**REQUIREMENT:** Every line in the data below has to be repeated exactly; no picture belongs in the result.

***** TASK DATA *****

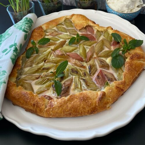 Ein sommerlich leichtes Dessert, super einfach zu machen und dann auch noch mit saisonalem Rhabarber? Wer könnte da nein sagen? Der leicht blättrige und knusprige Teig ist belegt mit einer frischen Schmandcreme und säuerlichem Rhabarber. Das schöne an einer Galette ist vor allem die Imperfektion, natürlich kann der Teig perfekt ausgerollt werden und der Belag in exakt gleicher Größe dekorativ geschnitten und die Galette damit belegt werden. Aber wenn der Teig unförmig ausgerollt wurde und der Rhabarber nur grob in ungefähr gleich große Stücke geschnitten wurde schmeckt die Galette trotzdem absolut herrlich und sieht wundervoll aus. Die rustikale Imperfektion macht den Charme einer Galette fast schon aus. Ein selbst gemachtes Dessert für alle, die für perfekte Optik keine Zeit oder Lust haben, einfach das Ausrollen eines Teiges üben möchten oder auch um mit Kindern backen zu können. Groß oder klein ausgerollt und serviert ein absoluter Genuss.
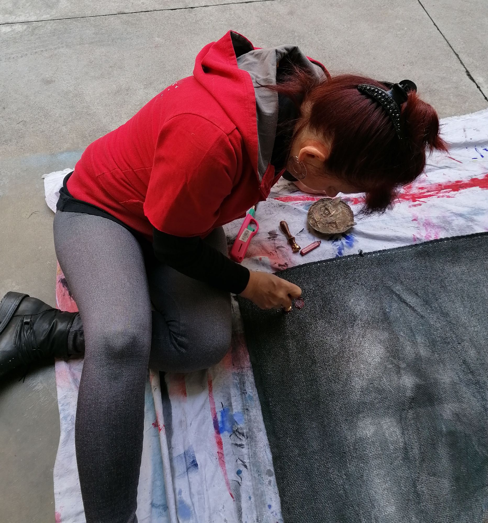 Pigmenti, nero antracite, argento, oro ricco macer, Sacco iuta Vintage del caffè, 2021
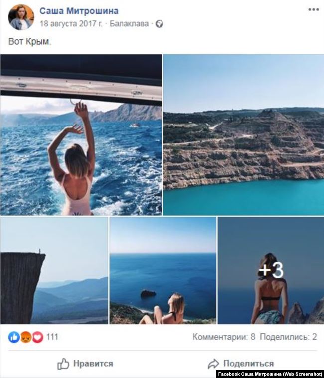 Что касается Крыма, то, судя по фото, опубликованных в ее блоге, в 2017 году Митрошина отдыхала в Балаклаве.
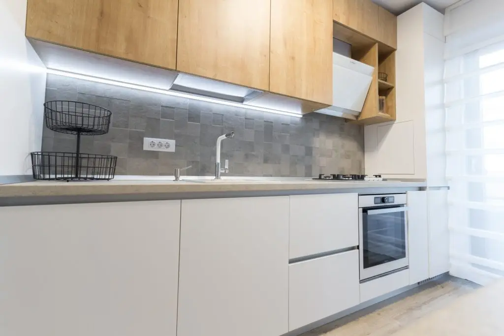 Un spatiu foarte placut este si bucataria. Desi lunga si ingusta, Cristina a optimizat eficient incaperea, asigurand nevoile de depozitare printr-o dispunere liniara a mobilierului de baza, completat de corpuri suspendate pe peretele paralel, cel comun cu livingul. Finisajele in tonuri deschise sporesc luminozitatea bucatariei si amplifica spatiul.
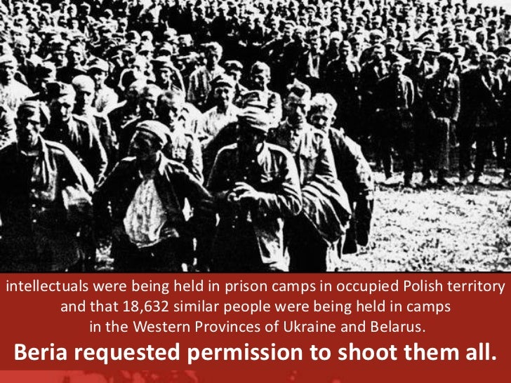 - 68. intellectuals were being held in prison camps in occupied Polish territory and that 18,632 similar people were being held in camps in the Western Provinces of Ukraine and Belarus. Beria requested permission to shoot them all.

*****

**EXERCISE SOLUTION:**
 Ein sommerlich leichtes Dessert, super einfach zu machen und dann auch noch mit saisonalem Rhabarber? Wer könnte da nein sagen? Der leicht blättrige und knusprige Teig ist belegt mit einer frischen Schmandcreme und säuerlichem Rhabarber. Das schöne an einer Galette ist vor allem die Imperfektion, natürlich kann der Teig perfekt ausgerollt werden und der Belag in exakt gleicher Größe dekorativ geschnitten und die Galette damit belegt werden. Aber wenn der Teig unförmig ausgerollt wurde und der Rhabarber nur grob in ungefähr gleich große Stücke geschnitten wurde schmeckt die Galette trotzdem absolut herrlich und sieht wundervoll aus. Die rustikale Imperfektion macht den Charme einer Galette fast schon aus. Ein selbst gemachtes Dessert für alle, die für perfekte Optik keine Zeit oder Lust haben, einfach das Ausrollen eines Teiges üben möchten oder auch um mit Kindern backen zu können. Groß oder klein ausgerollt und serviert ein absoluter Genuss.
 Pigmenti, nero antracite, argento, oro ricco macer, Sacco iuta Vintage del caffè, 2021
 Что касается Крыма, то, судя по фото, опубликованных в ее блоге, в 2017 году Митрошина отдыхала в Балаклаве.
 Un spatiu foarte placut este si bucataria. Desi lunga si ingusta, Cristina a optimizat eficient incaperea, asigurand nevoile de depozitare printr-o dispunere liniara a mobilierului de baza, completat de corpuri suspendate pe peretele paralel, cel comun cu livingul. Finisajele in tonuri deschise sporesc luminozitatea bucatariei si amplifica spatiul.
 - 68. intellectuals were being held in prison camps in occupied Polish territory and that 18,632 similar people were being held in camps in the Western Provinces of Ukraine and Belarus. Beria requested permission to shoot them all.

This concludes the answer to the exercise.